Samuel Francois-Steininger, who led the project, said his team primarily relied on written descriptions of the thylacine’s coat to ensure tints and shades were accurate.

“These descriptions, combined with scientific drawings, and recent 3D colour renderings of the animal, meant we were able to get a clear idea of what the thylacine’s fur should look like,” he said.

“I have worked on more than 100 archive-based documentary films and series, most of them very complex.

“But for the thylacine, I faced a different kind of challenge and responsibility: I had to take care of the rare footage, and pay tribute to the last representative of a species.”

Benjamin died in captivity in 1936, about two months after the species was granted protected status.

It is estimated there were about 5000 thylacines in Tasmania at the time of European settlement, before excessive hunting, habitat destruction and disease resulted in their demise.

The state government in 1888 paid a bounty of one pound for each adult animal killed.

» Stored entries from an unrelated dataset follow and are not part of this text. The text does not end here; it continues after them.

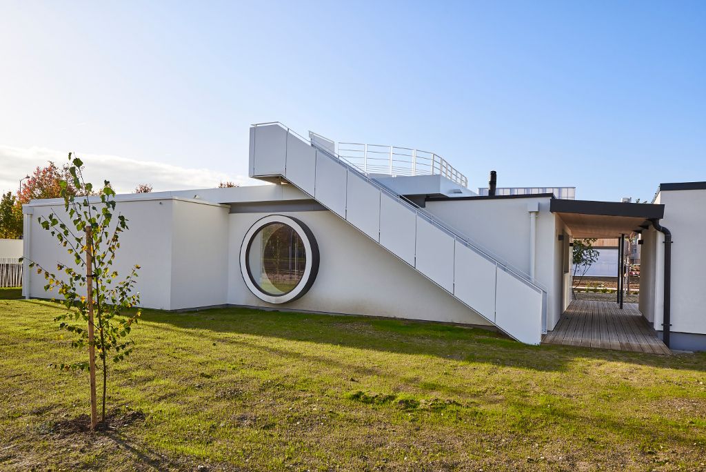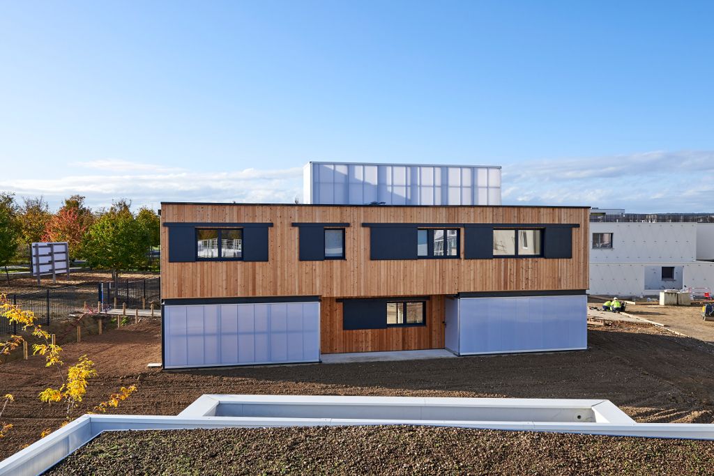 Raphaël Ricote, architecte au sein du bureau AREP : « Nous nous sommes attachés à créer une maison qui puisse s’adapter à la pluralité des usages et des façons de vivre de tous les européens, mais qui puisse également évoluer dans le temps afin de répondre au mieux aux attentes des familles qui vont venir y vivre. Nous avons organisé la maison autour de deux espaces. Le premier, au rez-de-chaussée, comprend une unité de vie autonome. Il permet de multiplier les usages, d’accueillir un étudiant, un proche parent ou devenir un lieu de travail. Autonome et isolé, il peut fonctionner comme un prolongement de la maison ou comme une entité en soi, avec une certaine indépendance vis-à-vis de l’espace principal au niveau supérieur. Le deuxième espace s’organise à l’étage autour d’une terrasse centrale, un patio conçu comme un espace supplémentaire pour les résidents. Il est directement lié aux différents espaces de vie et offre une certaine intimité vis-à-vis du parc tout en offrant des vues privilégiées sur celui-ci. L’agencement des lieux de vie de cet étage fait la part belle à la modularité et à l’adaptation aux besoins en permettant des agencements divers : grande chambre pour deux enfants, espaces de travail, chambres individuelles, espace de jeux et de loisirs. »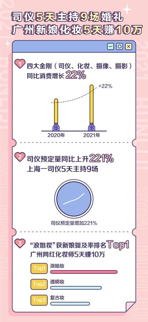 “快要忙疯了,五一5天办了150多场婚礼,第一天就有60场,去年这时候婚礼只有个位数,今年我们员工都加班加点连夜赶工搭建场地。”婚礼纪商家Sunny喜铺婚礼副总赵佳佳在接受采访的时候表示,不仅商家忙,新人也非常忙,Z世代的新人都习惯于通过线上咨询、直播下单等互联网形式进行婚礼消费,省去了线下奔波的时间。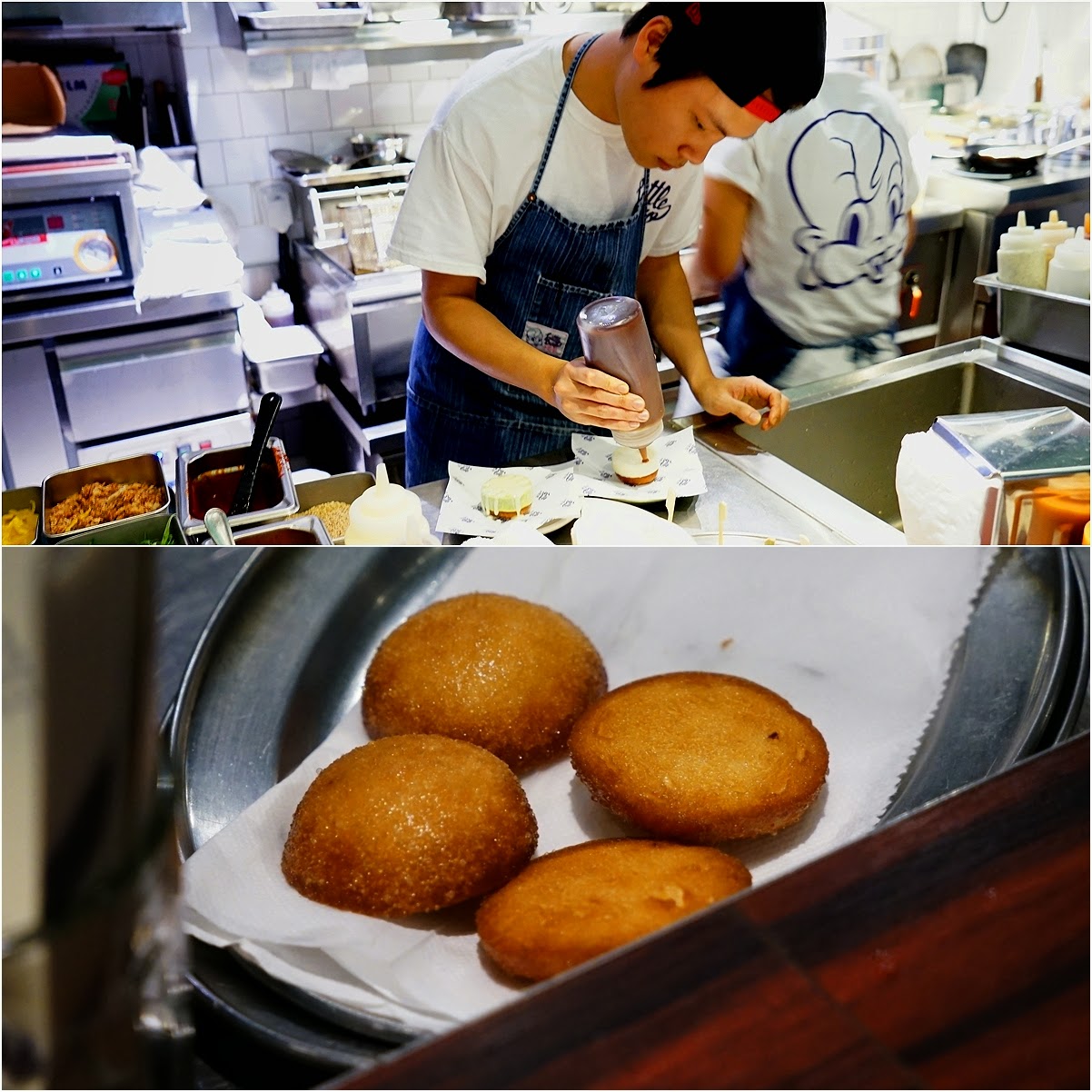 最後就是為此而來的「LB Ice Cream Sandwiches」 , 店員在我們入坐時提醒 :「如果要食LB, 一定要現在點, 因為要做好耐架」, 真的沒錯, 足足「煮」足10分鐘以上, 因為店員要將小饅頭炸完, 再放涼約5分鐘才配上雪糕.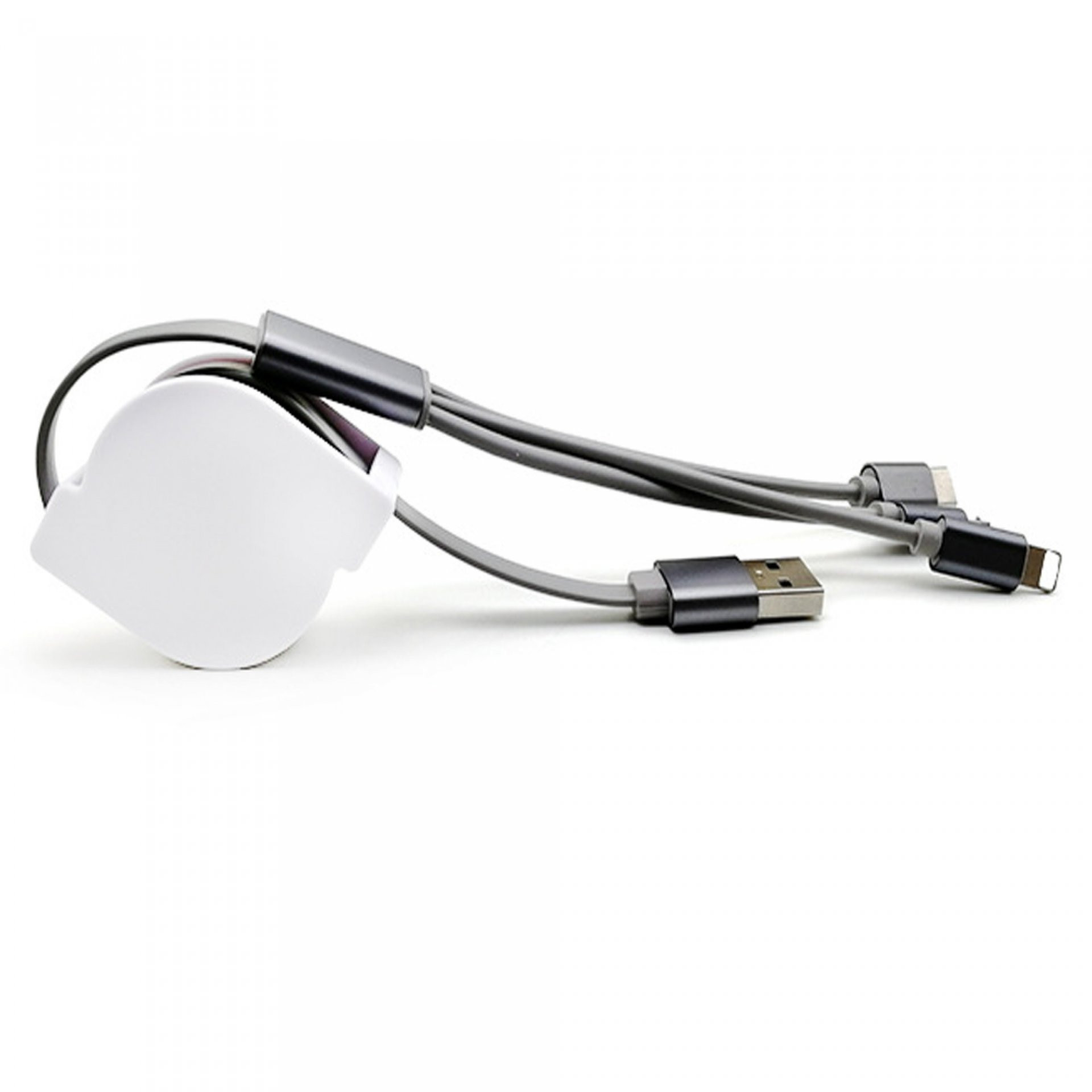 Set de carga 3 en 1. Cable extensor retrÁctil de 1 metro. Cargador Lightning (Apple), Micro USB y tipo C de carga rÁpida. Cuerpo blanco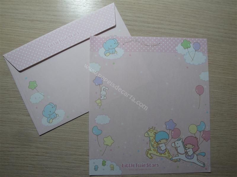 Conjunto importado, de papel de carta com 1 folha e 1 envelope dos Little Twin Stars.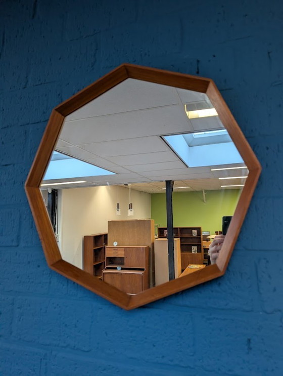 A lovely vintage octagon mirror. Made of solid teak, its octagonal shape immediately catches the eye.

The footage was released on National Threatened Species Day, designed to raise awareness of animals and plants facing extinction.

“(The release) will continue to invite re-imagining and reconnection to this iconic footage,” NFSA curator Vick Gwyn said.

“We hope that people will apply their own perception and stimulate understanding of this remarkable animal.”

About three minutes of black-and-white footage of the Tasmanian tiger exists.

In May 2020, the NFSA unearthed a 21-second clip of Benjamin that was shot in 1935 and formed part of a travelogue dubbed Tasmania The Wonderland.

The narrator described the thylacine as “now very rare, being forced out of its natural habitat by the march of civilisation”.